* [Task requirements]
Copy out the data below as written; omit any images.

* [Material provided]
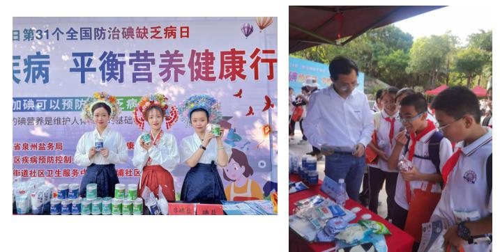 泉州鹽業(yè)聯(lián)合市衛(wèi)健委、疾控中心等多家單位,在全市范圍內(nèi)設(shè)置11個(gè)宣傳點(diǎn),開展防治碘缺乏病日宣傳活動。工作人員從補(bǔ)碘原理、缺碘危害、鹽品辨別、適用人群等多角度普及宣傳用鹽知識,還以身著蟳蜅女簪花服裝、邀請群眾品鹽、發(fā)放“鹽小福”精美禮品等方式拉進(jìn)與群眾距離,引導(dǎo)市民合理補(bǔ)碘,科學(xué)購買和使用食鹽。
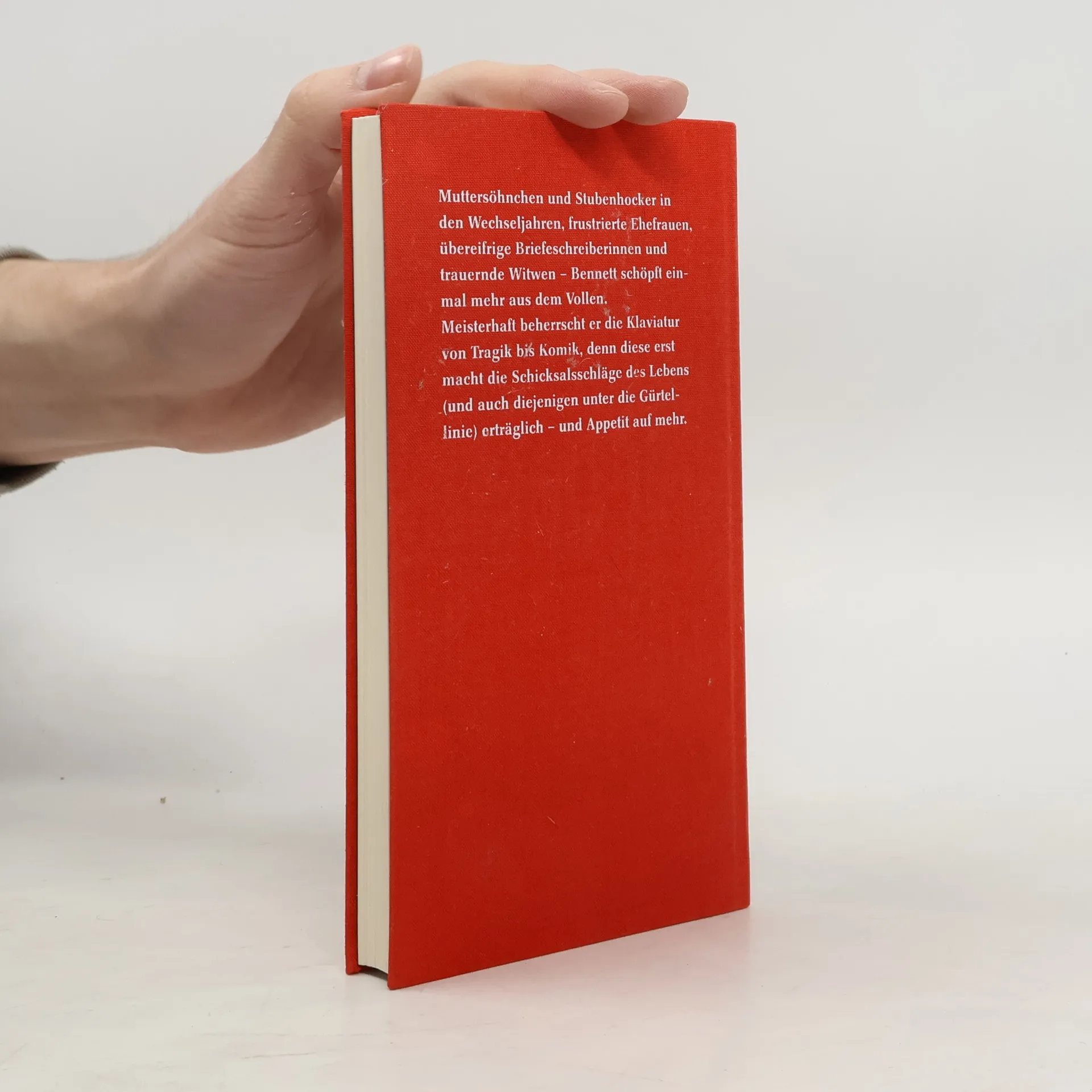 Sechs Menschen – sechs britisch- bizarre Schicksale: Da ist zunächst Graham, der – weit über vierzig – noch immer zu Hause bei seiner Mutter wohnt und gar nicht gut auf Mr. Turnbull zu sprechen ist, der Mama den Hof macht und ihr eine Hochzeitsreise auf die Kanarischen Inseln verspricht. Susan hingegen, Ehefrau des Vikars, schaut häufig mal zu tief ins Glas und verliebt sich in den indischen Gemüsehändler an der Ecke. Miss Ruddock zeigt uns, wie extensives Briefeschreiben dazu führen kann, dass man im Gefängnis landet, während die naive Mittdreißigerin Lesley von einem deutschen Filmproduzenten übers Ohr gehauen wird und die Hüllen fallen lässt. Muriel schließlich hat bis heute den Tod ihres Ehemanns nicht verwunden – ebenso wenig wie die hochbetagte Doris, die einen Kleinkrieg gegen ihre Putzfrau und Altenpflegerin führt und der ein Kräcker unterm Kanapee zum Verhängnis wird … Meisterhaft beherrscht Alan Bennett die Klaviatur von Tragik bis Komik, denn diese erst macht die Schicksalsschläge des Lebens (und auch diejenigen unter die Gürtellinie) erträglich – und Appetit auf mehr.
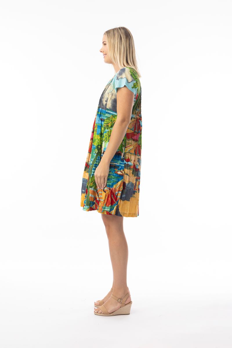 Welcome summer in our Ibiza easy fit dress. Featuring a flattering v-neckline, chic pleats at the bust, and short sleeves, this piece offers a stylish solution for any occasion. Your new go-to summer dress!

* [Exercise answer]
 泉州鹽業(yè)聯(lián)合市衛(wèi)健委、疾控中心等多家單位,在全市范圍內(nèi)設(shè)置11個(gè)宣傳點(diǎn),開展防治碘缺乏病日宣傳活動。工作人員從補(bǔ)碘原理、缺碘危害、鹽品辨別、適用人群等多角度普及宣傳用鹽知識,還以身著蟳蜅女簪花服裝、邀請群眾品鹽、發(fā)放“鹽小福”精美禮品等方式拉進(jìn)與群眾距離,引導(dǎo)市民合理補(bǔ)碘,科學(xué)購買和使用食鹽。
 Sechs Menschen – sechs britisch- bizarre Schicksale: Da ist zunächst Graham, der – weit über vierzig – noch immer zu Hause bei seiner Mutter wohnt und gar nicht gut auf Mr. Turnbull zu sprechen ist, der Mama den Hof macht und ihr eine Hochzeitsreise auf die Kanarischen Inseln verspricht. Susan hingegen, Ehefrau des Vikars, schaut häufig mal zu tief ins Glas und verliebt sich in den indischen Gemüsehändler an der Ecke. Miss Ruddock zeigt uns, wie extensives Briefeschreiben dazu führen kann, dass man im Gefängnis landet, während die naive Mittdreißigerin Lesley von einem deutschen Filmproduzenten übers Ohr gehauen wird und die Hüllen fallen lässt. Muriel schließlich hat bis heute den Tod ihres Ehemanns nicht verwunden – ebenso wenig wie die hochbetagte Doris, die einen Kleinkrieg gegen ihre Putzfrau und Altenpflegerin führt und der ein Kräcker unterm Kanapee zum Verhängnis wird … Meisterhaft beherrscht Alan Bennett die Klaviatur von Tragik bis Komik, denn diese erst macht die Schicksalsschläge des Lebens (und auch diejenigen unter die Gürtellinie) erträglich – und Appetit auf mehr.
 Welcome summer in our Ibiza easy fit dress. Featuring a flattering v-neckline, chic pleats at the bust, and short sleeves, this piece offers a stylish solution for any occasion. Your new go-to summer dress!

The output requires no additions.